You and Rani Sharoni totally rock :).
--
Aleksey
My original version relied on the fact that enums cannot be in the 'object' in a
pointer-to-member signature, so it simply eliminated all of the other things
that won't match either, like pointers-to-members, pointers, references, arrays,
incomplate arrays, function types, and primitive types (including void).
template<class T> class is_enum {
private:
template<class U> static small_t check(void (U::*)(void));
template<class U> static large_t check(...);
public:
static const bool value = sizeof(check<T>(0)) == sizeof(small_t)
&& ! is_primitive<T>::value
&& ! is_array<T>::value
&& ! is_array_incomplete<T>::value
&& ! is_function<T>::value
&& ! is_ptr<T>::value
&& ! is_ref<T>::value
&& ! is_ptr_to_member<T>::value;
};
Which effectively, eliminates everything but classes, which Peter Dimov
observed, and converted to an 'is_class' implementation. Then Rani Sharoni made
another modification of the basic idiom that resulted in a
'has_nested_type_named_xxx' implementation (unfortunately, you can't parametize
the name of the possible nested class).
Ah, the joys of C++ and template meta-programming.
Which reminds me, how do you change the color of a Button on Win32?
( just kidding :) )
Paul Mensonides
Yeah, I see what you mean, but I was thinking about 'is_enum'. I didn't look to
deeply into the boost version, and this is what I came up with.
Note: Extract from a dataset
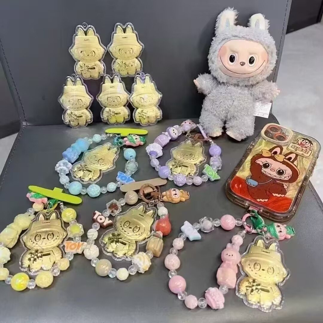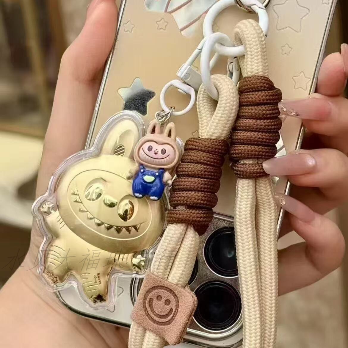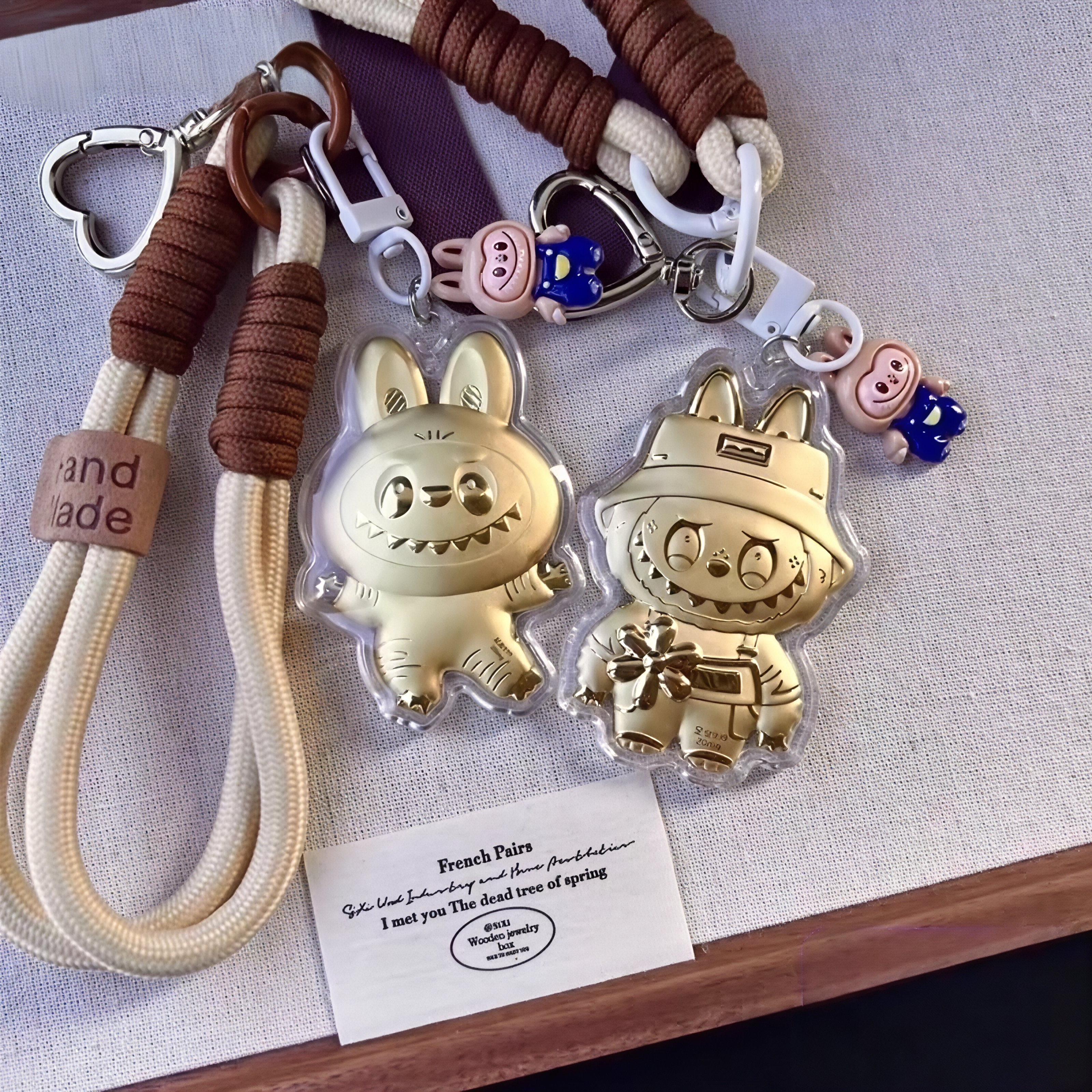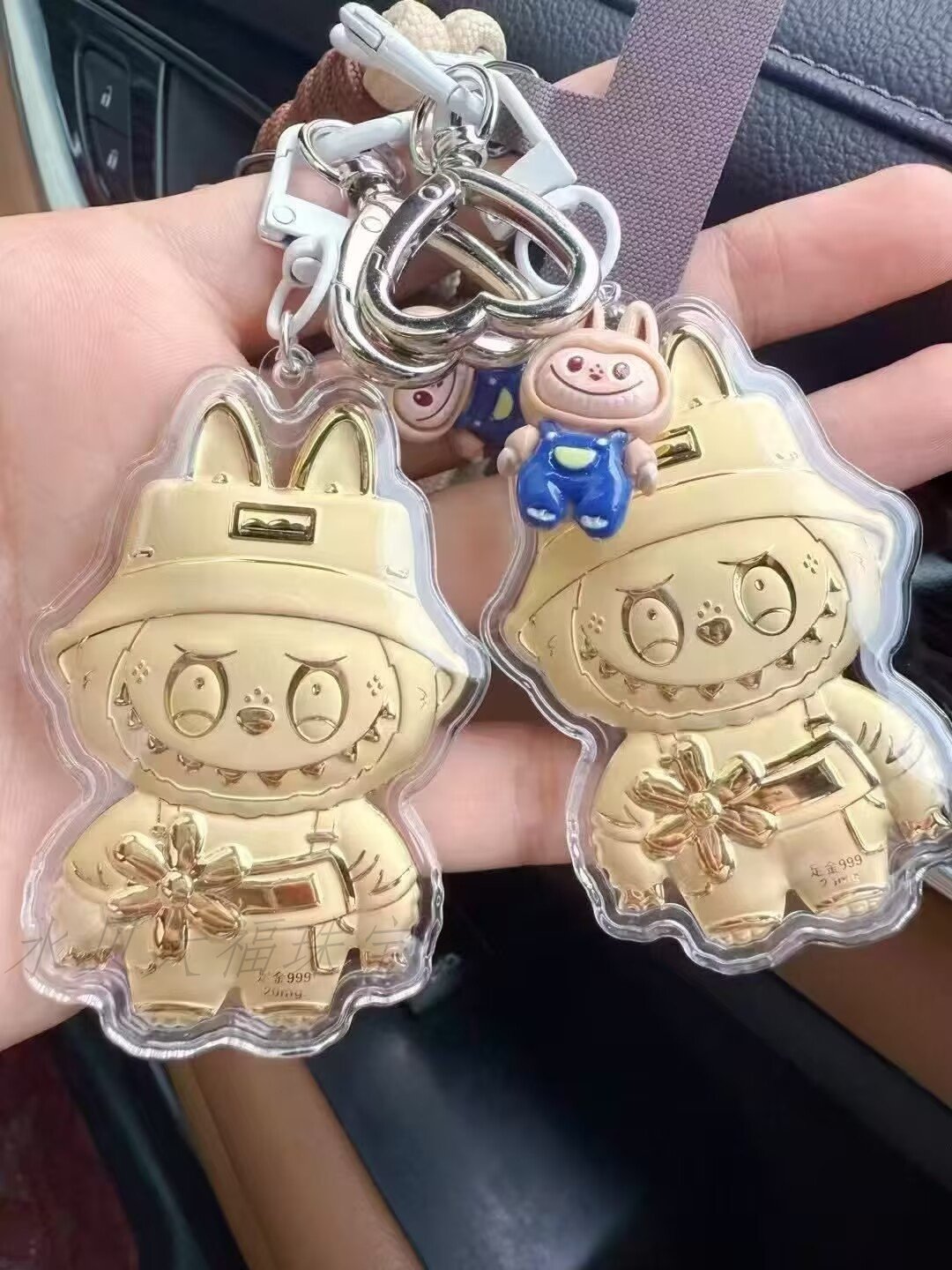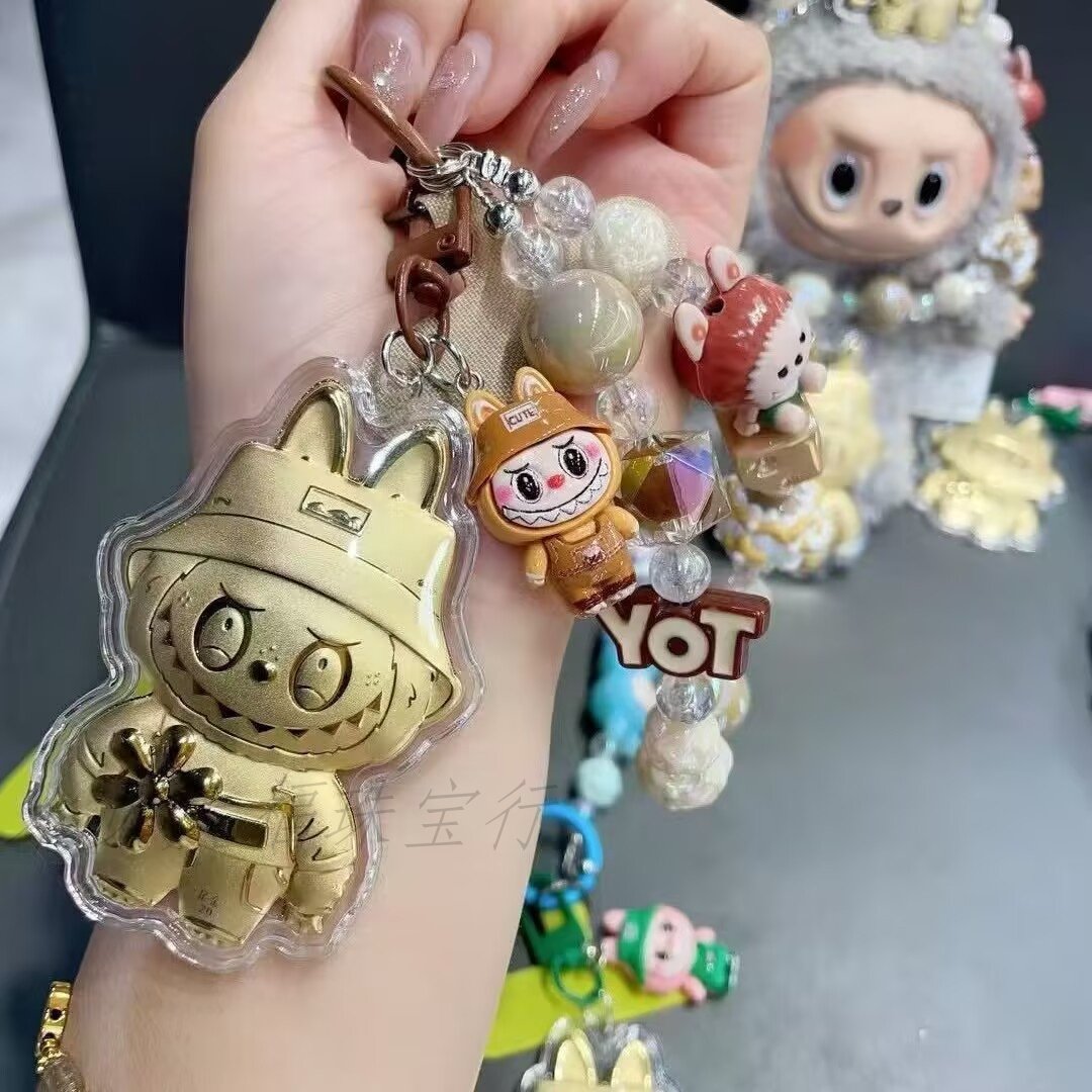 Водяной бежевый золотой 999 Labubu ремешок для телефона, брелок из чистого золота, подвеска для сумки, подарок для подруги или лучшего друга.

template<class T> class is_enum {
private:
template<class U, bool =
is_primitive<U>::value
|| is_array<U>::value
|| is_array_incomplete<U>::value
|| is_function<U>::value >
struct helper {
operator U(void);
};
template<class U> struct helper<U, true> { };
static small_t check(int);
static large_t check(...);
public:
static const bool value
= sizeof(check(helper<T>())) == sizeof(small_t);
};
template<class T> const bool is_enum<T>::value;
Which doesn't use my original mechanism at all, just the
double-user-defined-conversion idea. Unfortunately, you still have to eliminate
types that can't be used as return types (or parameter types), like function
types. That is the really annoying thing, because C++ has no mechanism to
produce linearized lists--i.e. functions that have arbitrary numbers of
parameters. I'm using the preprocessor to generate 'is_function' partial
specializations, but given the unholy case of a function type with more than,
say, 50 parameters, this version above will fail. In other words, it is not
bulletproof.
> > > Yes, the boost type_traits library already has is_enum.
> >
> > I looked at it shortly, does it handle function types (not function pointer
or
> > reference types)?
>
> I believe it does.
Okay, I'll look closer. Right now, I'm looking at what I can do with template
template parameters, and deducing the numbers and types of parameters that they
have. Which could be passed arbitrarily to another template by a wrapper class.
e.g....
template<int I> struct sizer {
char value[I];
};
// no impl.
template<template<class> class T>
sizer<1> binding(T<int>*);
template<template<class, class> class T>
sizer<2> binding(T<int, int>*);
template<template<class, class, class> class T>
sizer<3> binding(T<int, int, int>*);
// etc.
int main(int argc, char* argv[]) {
std::cout << sizeof(binding<std::vector>(0).value) << &std::endl;
std::cout << sizeof(binding<std::basic_string>(0).value) << &std::endl;
}
Also, I'm working on partial binding.
template<int> struct bind;
template<> struct bind<2> {
template<template<class, class> class result, class T> struct args {
template<class T1> struct type : result<T1, T> {
typedef result<T1, T> partial_bind;
// hoard of ctors, template ctors, and assignments
};
};
};
template<> struct bind<3> {
template<template<class, class, class> class result, class T> struct args {
template<class T1, class T2> struct type : result<T1, T2, T> {
typedef result<T1, T2, T> partial_bind;
// same as above
};
};
};
// etc.
template<class> struct def_param;
template<template<class> class T, class T1>
struct def_param<T<T1> > {
template<int, class dummy = null_t> struct result;
template<class dummy> struct result<1, dummy> : type_to_type<T1> { };
};
template<template<class, class> class T, class T1, class T2>
struct def_param<T<T1, T2> > {
template<int, class D = null_t> struct result;
template<class D> struct result<1, dummy> : type_to_type<T1> { };
template<class D> struct result<2, dummy> : type_to_type<T2> { };
};
// etc.
template<template<class> class container, class T> struct X {
container<T> col;
};
int main(int argc, char* argv[]) {
/* note: assuming no extra default args on containers */
// sample a
typedef bind<2>::args<
std::vector, def_param<std::vector<int> >::result<2>::type
> partial_bind; // gets std::allocator<int>
X<partial_bind::type> x;
x.col.push_back(10); // use
// sample b
typedef bind<3>::args<
std::basic_string, def_param<std::basic_string<char> >::result<3>::type
> pb2; // gets std::allocator<char>
typedef bind<2>::args<
pb2, def_param<std::basic_string<char> >::result<2>::type
> pb3; // gets std::char_traits<char>
X<pb3::type> x2;
x.col = "hello world!"; // use
return 0;
}
I can generate this 'linearization' type stuff with Cpp. The annoying part is
nested explicit specialization, and lack of template typedefs. In order to
properly partial bind a template template parameter, I need template typedefs.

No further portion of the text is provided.